The Photographer, His Wife, Her Lover
The late photographer O. Winston Link wasn't a well-known American cultural figure, except among the devout circle of camera buffs and railroad hobbyists who followed his work for decades. Link made a small impact in the '50s, when he did night shoots of trains as they rolled through small-town America, but he didn't get really successful until the '80s, when he met and married Conchita Mendoza, who marketed his work and made him a lot of money. A decade later, the marriage ended in chaos, with Mendoza accused of keeping Link prisoner and forcing him to keep cranking out assets, and Link accused of dementia and abuse.
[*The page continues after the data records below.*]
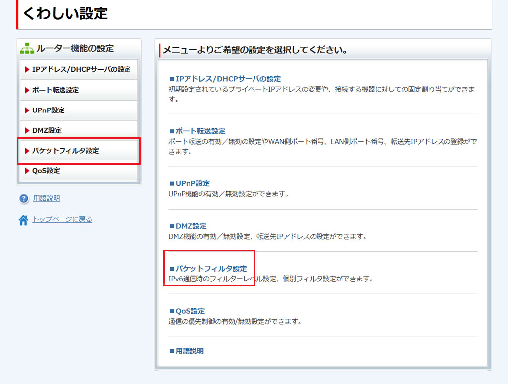 本項では、パケットフィルタに関する設定と、無通信時にSPI機能を維持する時間(SPIタイムアウト)の設定ができます。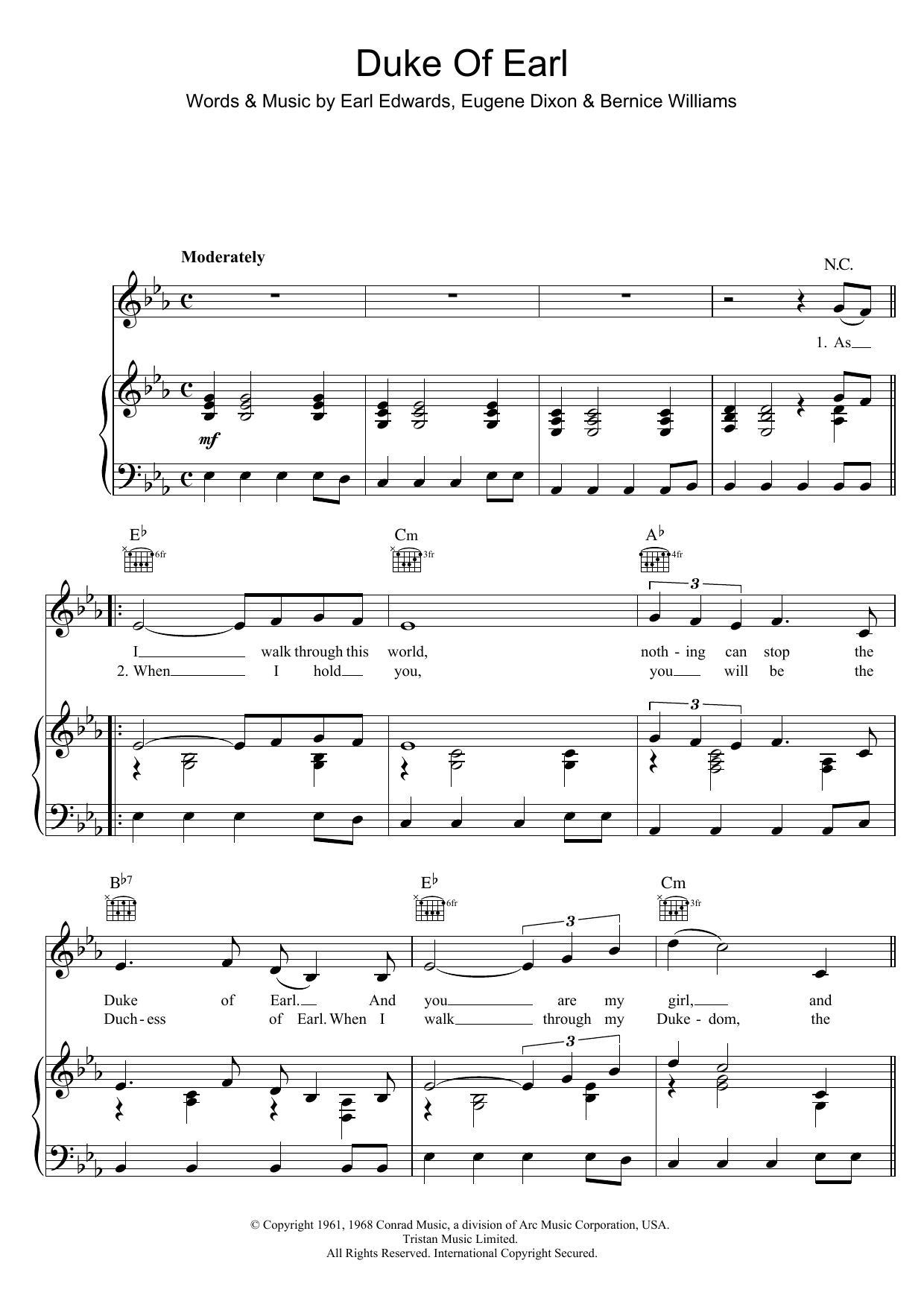 Download or print Jean Chandler Duke Of Earl sheet music, chords and digital score arranged for Piano, Vocal & Guitar Chords (Right-Hand Melody). This Standards score includes 2 page(s).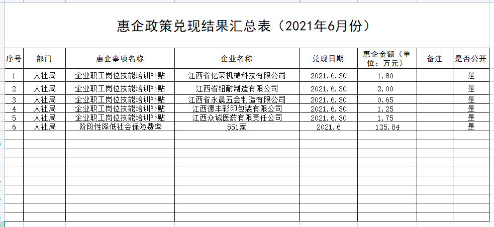 德安县人社局惠企政策兑现结果汇总表(2021年6月份)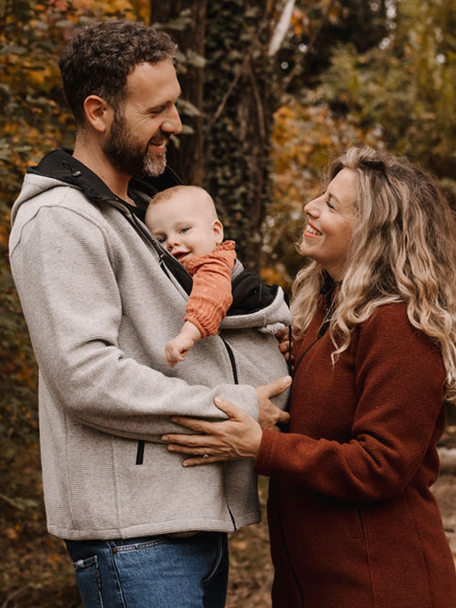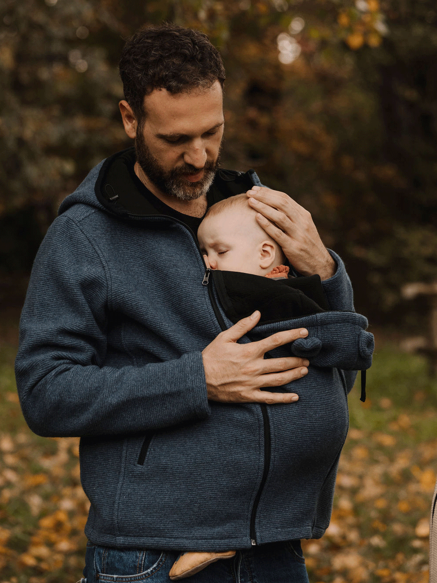 Nasce come capo da uomo da portare tutti i giorni, ma grazie è possibile utilizzarlo per portare il bambino con un supporto (fascia o marsupio) sopra al cappotto.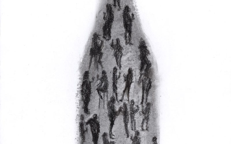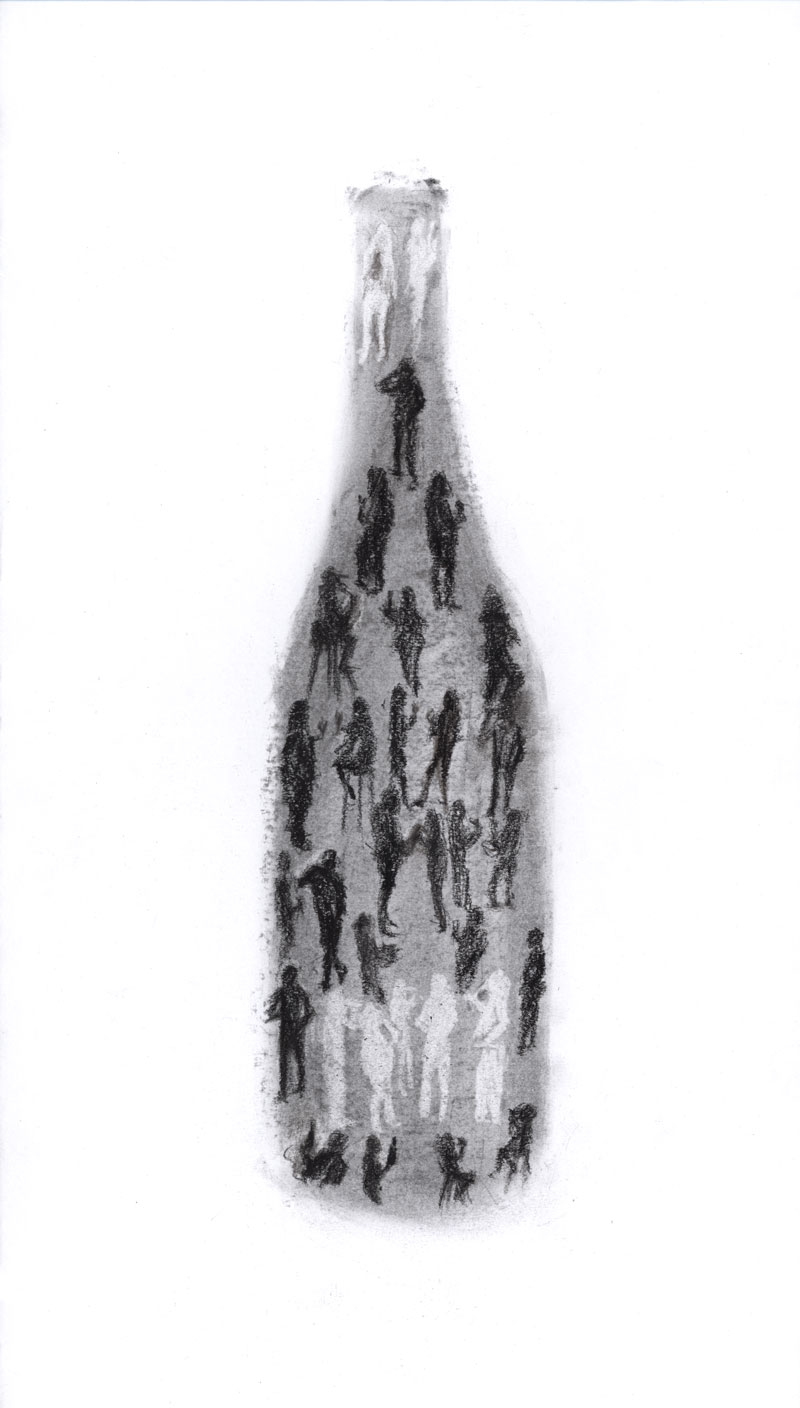 Bottle created from the movements of staff and visitors at a wine tasting.0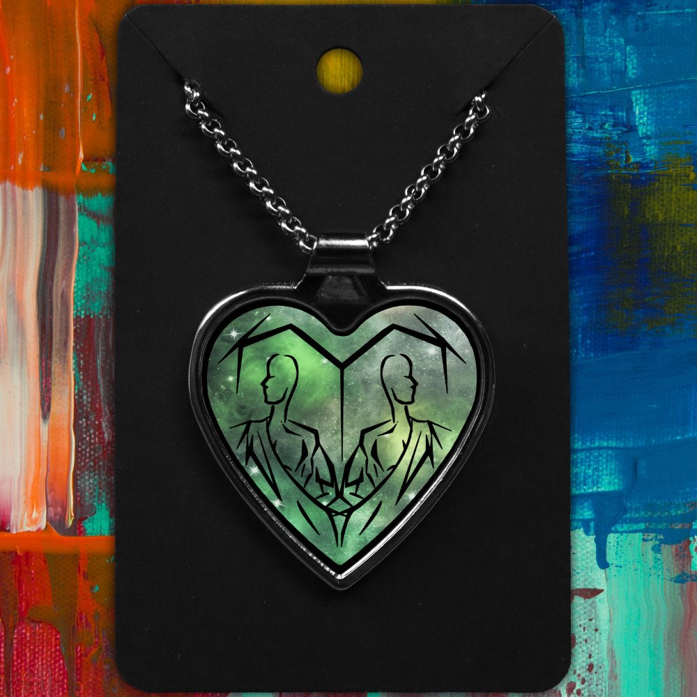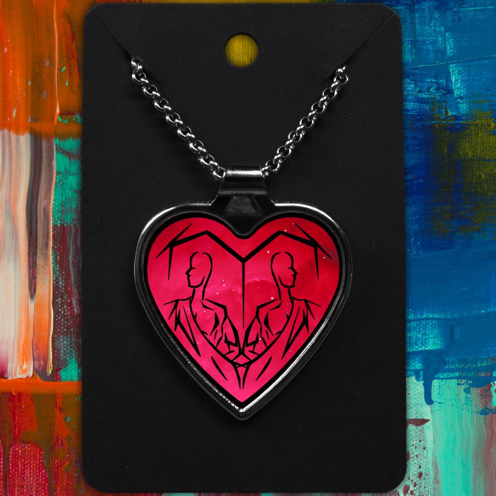 Gemini Metal Heart Necklace Space Tribal Design (Various Colours)

Paul Yule tells the story of the divorce in The Photographer, His Wife, Her Lover, a fairly sensationalist video-shot documentary that weighs the memories of Link's friends and supporters against rebuttals from Mendoza, her lawyer, and the locomotive restorer she slept with for years behind Link's back. Yule has a reputation for making movies about American grotesquerie, but aside from some unnecessarily ominous music and a few first-person interjections, The Photographer, His Wife, Her Lover stays pretty neutral. Instead, Yule plays up the mystery, jumping from the comments of friends who remember Link as a raging bigot and misanthrope—a "nut," according to one—to the glowing reminiscences of the New York prosecutors who helped put Mendoza away for stealing her ex-husband's prints.
Yule's preoccupation with legal details keeps him from delving enough into the vagaries of the photography market, aside from noting the irony that Mendoza is largely responsible for the value of the prints she stole. But the movie does poke tantalizingly at the very idea of an open-and-shut case. Both Mendoza and her accusers agree generally on the facts of what happened with her marriage and her theft, but they disagree on what those facts mean. It's sort of like how two people can look at the same photograph, and one can see a record of a place and time, while another can see art.